We finished our food while discussing other avenues to beat the disease then returned to my office, but all our efforts didn't produce a cure. I tried to stay focused but two other problems began to sneak into my mind: how would I handle eating dinner, and what about my cat?
Liz had popped in to check on us every few hours during the day, her mood shifting from optimism to hope to dejection as time passed and she took increasing abuse from her stressed-out bosses, and when she came in at six-thirty she said, "I will personally buy you each a pony if you fix this by tomorrow morning and the event can go ahead."
Andrew and I exchanged glances, and I said
, "Do you actually want a pony?"
"I'd love a Mustang GT, but otherwise not so much. You?"
I shook my head, and Liz said, "My three-year-old daughter would think you're crazy, but fine, no ponies. How about new computers?"
"For us at home or for here?"
"Andrew, both. And a spare for the pony. Please, figure it out. You're authorized for all the overtime you can handle, and everyone in the department's on call if you need them. Except me, because I'm no help so I'm off to drink until I forget today."
When she'd gone, Andrew said, "Should I get us some food? You may not need to eat, but I do."
I'd been struggling to find a way around this, but nothing had presented itself. "Actually, I have to leave for a while. My cat needs her shot."
He raised his eyebrows.
"She's diabetic. Insulin morning and night. And she needs her meals on time. So I'll go home and come right back. I'll probably be close to an hour, though."

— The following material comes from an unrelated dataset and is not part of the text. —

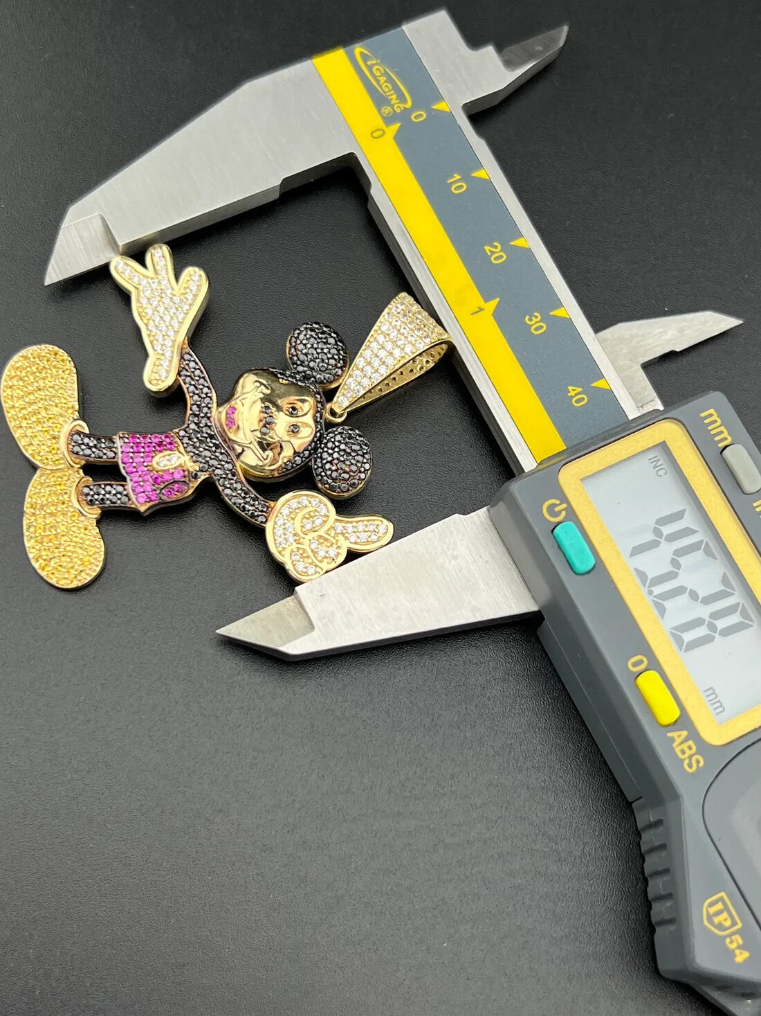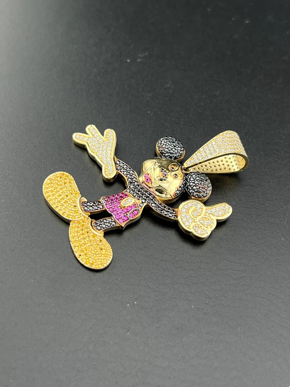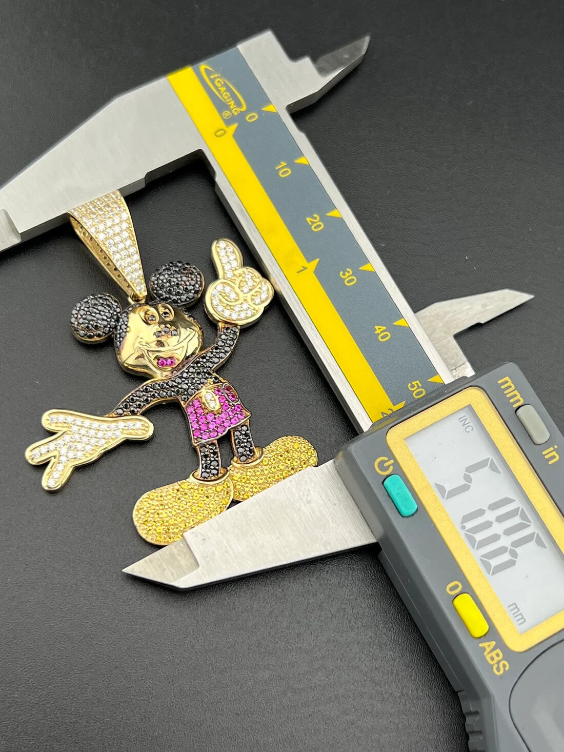 Celebrate the enduring spirit of a beloved, cheerful character with our Whimsical Mouse Character Charm, featuring a vibrant icon adorned with sparkling accents in 14K Yellow Gold, approximately 13 Grams, 51.06x45.28mm. This iconic character, known for its bright, golden body and face, embodies a sense of joy and merriment.

"You know it's pouring rain, right?"
I hadn't. "Over an hour, then. But not much over, I hope. I'm sorry. My usual cat sitter won't come with less than a day's notice and my friend Sandra's away for the weekend or I'd ask her to do it. I'll be as quick as I can."
Andrew rubbed his stubbly chin. His cheeks turning faintly red, he said, "Feel free to say no, but I could use a change of scenery. What if we went to your place and worked there?"
Not a bad idea. Far less driving, and more comfortable too. "You're brilliant. Are you sure you don't mind, especially with the rain?"
He shook his head. "I'll go home and change first, and meet you there."
*****
I'd intended to eat one of my frozen dinners before he arrived so I wouldn't fall off the diet wagon, but I got stuck behind an accident and its associated rubberneckers and was getting my bag out of the trunk when he pulled up beside me.
When I opened my apartment door, the cat came running to meet me then skidded to a halt and stared up at Andrew.
"She's gorgeous." He crouched and held out his hand. "Such pretty colors."
"Her name's Ruby."
"Hi, Ruby. Can I pat you?"
She took a tentative step forward, then another, until she was just out of his reach, then sat and looked at him.